1. What we collect and how
DAREWALK Corp. (the “Company”) values your personal data and complies with applicable data-protection laws including Korea's Personal Information Protection Act. This policy explains what data we collect across our services, how it is used, and how it is protected.
Data collected at sign-up:
- Social sign-up — Google, Facebook, Apple: profile (nickname, profile image) and email address; Kakao: profile (nickname, profile image), email address and mobile phone number.
- Email sign-up — name, email address, password and mobile phone number.
Additional data collected when brands/advertisers use channel management and creator-matching services:
- Name, email address, phone numbers, Google sensitive data (YouTube channel and video performance data and revenue data), TikTok account and content data, and Meta account and content data.
- You can disconnect linked channels and request deletion of this data at any time: from the MY tab → platform management, by contacting the privacy officer (Section 12), or via the request form at tally.so/r/nWNd9P.
Data generated while using the services: service-usage records, access logs, records of misuse, mobile-device information (model, OS version, device identifier, advertising ID), payment records, country of access, language settings, IP address, and cookies.
Collection methods: information you enter directly with consent; Google/YouTube/TikTok/Meta API connections you authorize; information entered when purchasing content or goods; information lawfully provided by partner companies; and device/usage data generated automatically on web and mobile.
2. Why we use personal data
- Member management — confirming sign-up intent, age and identity verification, user identification, withdrawal handling.
- User protection and service operation — preventing fraud and unauthorized use, restricting misuse, record-keeping for dispute resolution, handling complaints, delivering notices such as policy changes.
- Using additionally collected data only for the purpose it was collected for.
- Marketing — surveys, event information, participation opportunities and promotional communications.
- Service development — building and improving features, analyzing usage records and access frequency, statistics and personalized services.
3. Consent to collection and use
We obtain consent through explicit Agree / Do not agree choices; consent boxes are never pre-selected. Declining optional items does not restrict sign-up or core services, and any limits that follow from declining are stated specifically.
If inaccurate information (such as an unreachable email) obstructs service delivery, we may ask you to correct or delete it. Information you voluntarily disclose in public online spaces may be collected by third parties, for which the member bears responsibility.
4. Provision and sharing of personal data
We use personal data only within the scope described in Sections 1 and 2 and, as a rule, do not disclose it externally without your prior consent.
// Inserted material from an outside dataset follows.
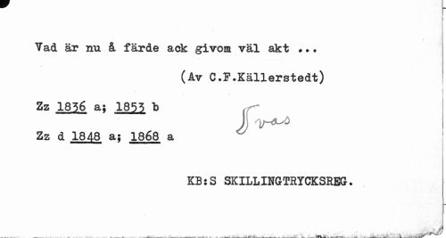 //// , v //// Vad är nu å f ärde ack givom väl akt ... //// (Av C.F.Källerstedt) //// i //// * //// Zz 1856 aj 1855 b //// Jj //// Zz d 1848 a; 1868 a //// KB:S SKILLINGTHYCKSREG. ////

Separate consent is obtained before any provision to third parties.
Exceptions apply only where permitted by law — for example: where other statutes specifically provide for it; emergencies threatening life, body or property where consent cannot be obtained; deliberation by the Personal Information Protection Commission; obligations under treaties or international agreements; criminal investigation and prosecution; court proceedings; and execution of sentences or protective measures.
5. Outsourcing of data processing
We entrust parts of our operations to the following processors, with contractual safeguards for data protection:
- Toss Payments Co., Ltd. — payment processing and purchase-protection services; retained until membership withdrawal or contract expiry.
- Payple Co., Ltd. — payment processing and purchase-protection services; retained until membership withdrawal or contract expiry.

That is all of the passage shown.